Grand Challenges Annual Meeting 2021

**NOTE: This opportunity was open only to participants who registered for and attended the 2021 Grand Challenges Annual Meeting (virtual format).

THE OPPORTUNITY

The Grand Challenges Annual Meeting fosters innovation and international collaboration to address the biggest challenges in global health and development. It has been held in 11 countries over the past 16 years and in a virtual format this year and last. The COVID-19 pandemic has shown the world the challenges and opportunities ahead with new clarity. The 2021 Annual Meeting will be dedicated to a "new normal" for global health, one in which the lessons from the COVID-19 response inform best practices for a healthier, more equitable future. Our goal is to support a global community of problem solvers who work together to set an innovation agenda and do the breakthrough science to deliver on it – to go further and faster together.

THE CHALLENGE

This Call-to-Action provides an opportunity for Grand Challenges Annual Meeting participants to take action based on ideas they developed and people they met at the meeting. As noted by past applicants in their submitted proposals, the meeting provides diverse ways to combine expertise and perspectives to speed the impact of what would otherwise be separate work by individual investigators. The grants awarded for the 2018-2020 Call-to-Action show this. And we hope that interactive elements at this year’s virtual meeting will still provide ways to catalyze collaborative projects that will yield a tangible solution to a key problem by the end of the grant.

Please note that besides this Call-to-Action request for proposals open to meeting participants, there are also public grant opportunities being launched at the meeting.

Funding

Each meeting participant will have one opportunity to apply as the primary applicant for a USD $100,000 grant or a collaborative USD $200,000 grant, both with an 18-month grant duration. Collaborative awards require the participation of at least two meeting participants from different institutions. While restricted to one application as the primary applicant, meeting participants may participate as collaborators in multiple collaborative applications. Priority will be given to new or newly expanded collaborations, rather than to existing partners seeking new funding.

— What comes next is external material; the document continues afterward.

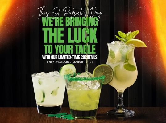 For a limited time, enjoy this St. Patrick’s Day special and raise a glass to bold flavor, good vibes, and a little extra luck. Don’t wait — it’s only here through 3/22.

We will give highest priority to proposed projects that:

  • Contribute to a partnership network that engages the world's most creative minds and empowers those with the local perspective required to direct the right approaches to the right parts of the problems to ensure success. We will therefore prioritize grants to investigators from low- and middle-income countries and a balanced representation of women principal investigators. Their collective action and directed energy will help solve today's key problems in global health, while building a mechanism ready to solve tomorrow's
  • Are likely to yield a tangible answer to a question or solution to a problem within the grant term under the near-term constraints associated with the COVID-19 pandemic
  • Are explicitly aligned with the content within the meeting's scientific track sessions. Please note that individual proposals will be reviewed based on their alignment with one primary track and the content presented there. Eligible scientific tracks for this Call-to-Action are listed below, and they include the entire Keystone Symposia Global Health Series conference that overlaps with the Grand Challenges Annual Meeting.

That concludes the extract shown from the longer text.